The Venue (formerly St Paul's Church) in Worthing, England hosts live music events. It was opened in 1812 as the Worthing Chapel of Ease. It was built so that the residents and visitors to the newly created town of Worthing would not need to travel to the parish church of St Mary in Broadwater. As a growing resort, it was felt that for the town to prosper, residents and visitors would demand a local church or chapel.
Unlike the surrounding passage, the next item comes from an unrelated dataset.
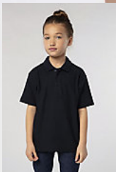
SOL'S SUMMER II KIDS 11344

The Chapel of Ease gave its name to Worthing town centre's principal north–south route, Chapel Road. The Reverend William Davison was appointed the chapel's first chaplain. The Reverend Davison went on to set up schools for boys, girls and infants in the town with money raised from the congregation. The girls' school he established was the original Davison High School.

The building of the chapel was funded by the sale and leasing of pews, making the chapel a proprietary chapel. This policy effectively excluded the poor from the church, which was criticised until 1893 when funds allowed for the building to be extended and the chapel was upgraded to parish church status and dedicated to St Paul.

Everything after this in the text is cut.